→ **Exercise brief**
The result should be the listing below restated word for word, with images left out.

Available data below:

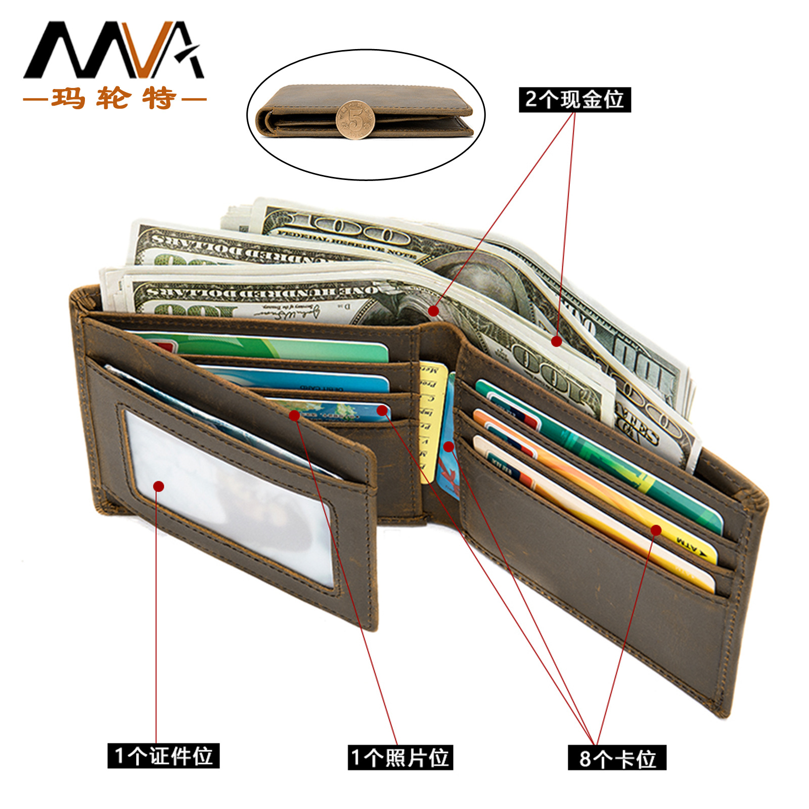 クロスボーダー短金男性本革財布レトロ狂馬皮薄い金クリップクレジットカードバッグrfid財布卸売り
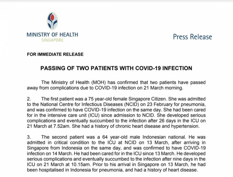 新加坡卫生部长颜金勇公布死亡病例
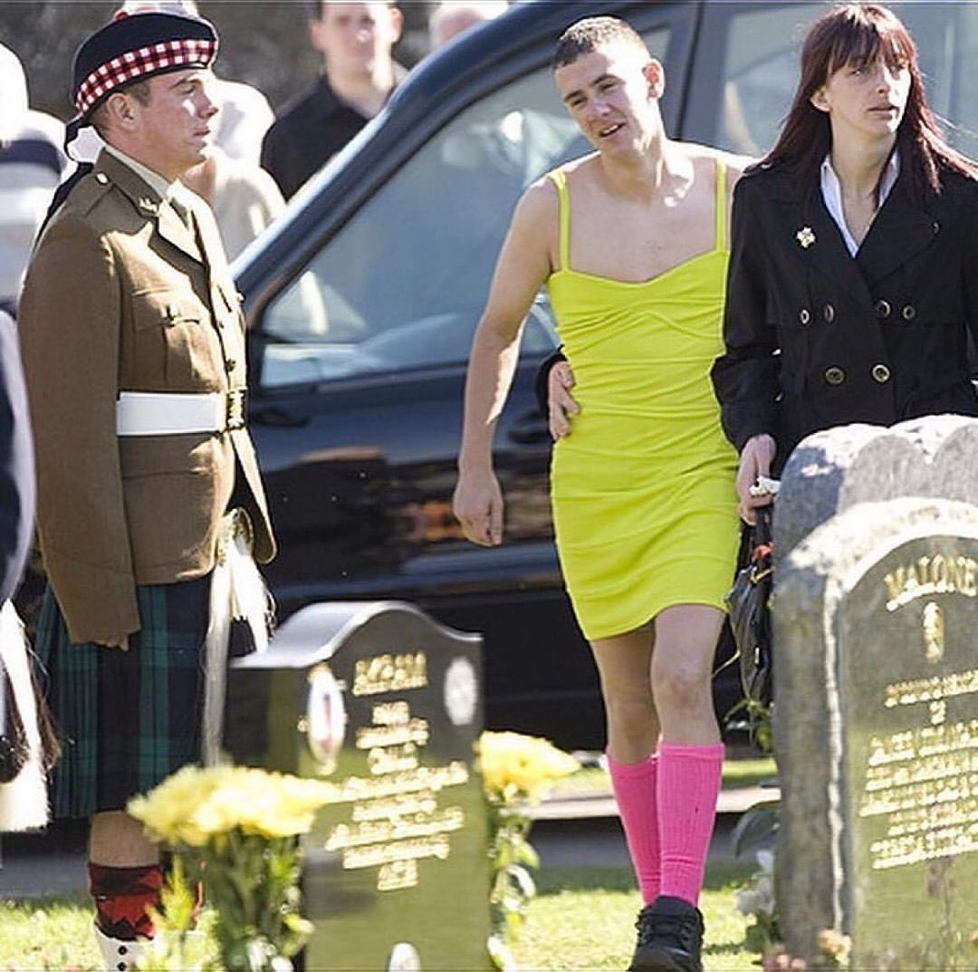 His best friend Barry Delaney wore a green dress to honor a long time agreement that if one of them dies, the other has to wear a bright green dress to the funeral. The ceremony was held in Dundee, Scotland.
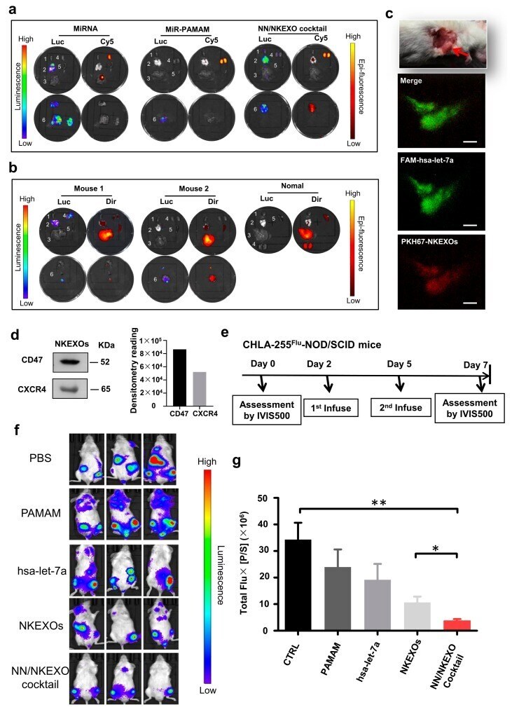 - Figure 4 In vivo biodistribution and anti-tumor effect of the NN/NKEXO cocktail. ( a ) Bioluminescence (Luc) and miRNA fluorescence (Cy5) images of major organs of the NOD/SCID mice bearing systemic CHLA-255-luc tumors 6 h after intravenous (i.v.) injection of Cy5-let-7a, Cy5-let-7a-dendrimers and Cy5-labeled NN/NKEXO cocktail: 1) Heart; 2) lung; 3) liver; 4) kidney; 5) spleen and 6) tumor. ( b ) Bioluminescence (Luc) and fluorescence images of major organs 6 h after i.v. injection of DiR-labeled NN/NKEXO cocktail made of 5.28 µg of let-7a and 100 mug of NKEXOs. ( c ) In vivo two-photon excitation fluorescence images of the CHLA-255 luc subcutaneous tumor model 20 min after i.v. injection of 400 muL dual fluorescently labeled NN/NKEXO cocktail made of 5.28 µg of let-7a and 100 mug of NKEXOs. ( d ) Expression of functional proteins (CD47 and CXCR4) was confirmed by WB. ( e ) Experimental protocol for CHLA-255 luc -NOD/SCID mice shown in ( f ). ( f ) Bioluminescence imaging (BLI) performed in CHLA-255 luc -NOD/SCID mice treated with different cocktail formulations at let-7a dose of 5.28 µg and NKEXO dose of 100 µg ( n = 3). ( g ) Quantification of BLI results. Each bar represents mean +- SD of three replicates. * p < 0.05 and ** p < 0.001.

End of Available data.

→ **The answer**
 クロスボーダー短金男性本革財布レトロ狂馬皮薄い金クリップクレジットカードバッグrfid財布卸売り
 新加坡卫生部长颜金勇公布死亡病例
 His best friend Barry Delaney wore a green dress to honor a long time agreement that if one of them dies, the other has to wear a bright green dress to the funeral. The ceremony was held in Dundee, Scotland.
 - Figure 4 In vivo biodistribution and anti-tumor effect of the NN/NKEXO cocktail. ( a ) Bioluminescence (Luc) and miRNA fluorescence (Cy5) images of major organs of the NOD/SCID mice bearing systemic CHLA-255-luc tumors 6 h after intravenous (i.v.) injection of Cy5-let-7a, Cy5-let-7a-dendrimers and Cy5-labeled NN/NKEXO cocktail: 1) Heart; 2) lung; 3) liver; 4) kidney; 5) spleen and 6) tumor. ( b ) Bioluminescence (Luc) and fluorescence images of major organs 6 h after i.v. injection of DiR-labeled NN/NKEXO cocktail made of 5.28 µg of let-7a and 100 mug of NKEXOs. ( c ) In vivo two-photon excitation fluorescence images of the CHLA-255 luc subcutaneous tumor model 20 min after i.v. injection of 400 muL dual fluorescently labeled NN/NKEXO cocktail made of 5.28 µg of let-7a and 100 mug of NKEXOs. ( d ) Expression of functional proteins (CD47 and CXCR4) was confirmed by WB. ( e ) Experimental protocol for CHLA-255 luc -NOD/SCID mice shown in ( f ). ( f ) Bioluminescence imaging (BLI) performed in CHLA-255 luc -NOD/SCID mice treated with different cocktail formulations at let-7a dose of 5.28 µg and NKEXO dose of 100 µg ( n = 3). ( g ) Quantification of BLI results. Each bar represents mean +- SD of three replicates. * p < 0.05 and ** p < 0.001.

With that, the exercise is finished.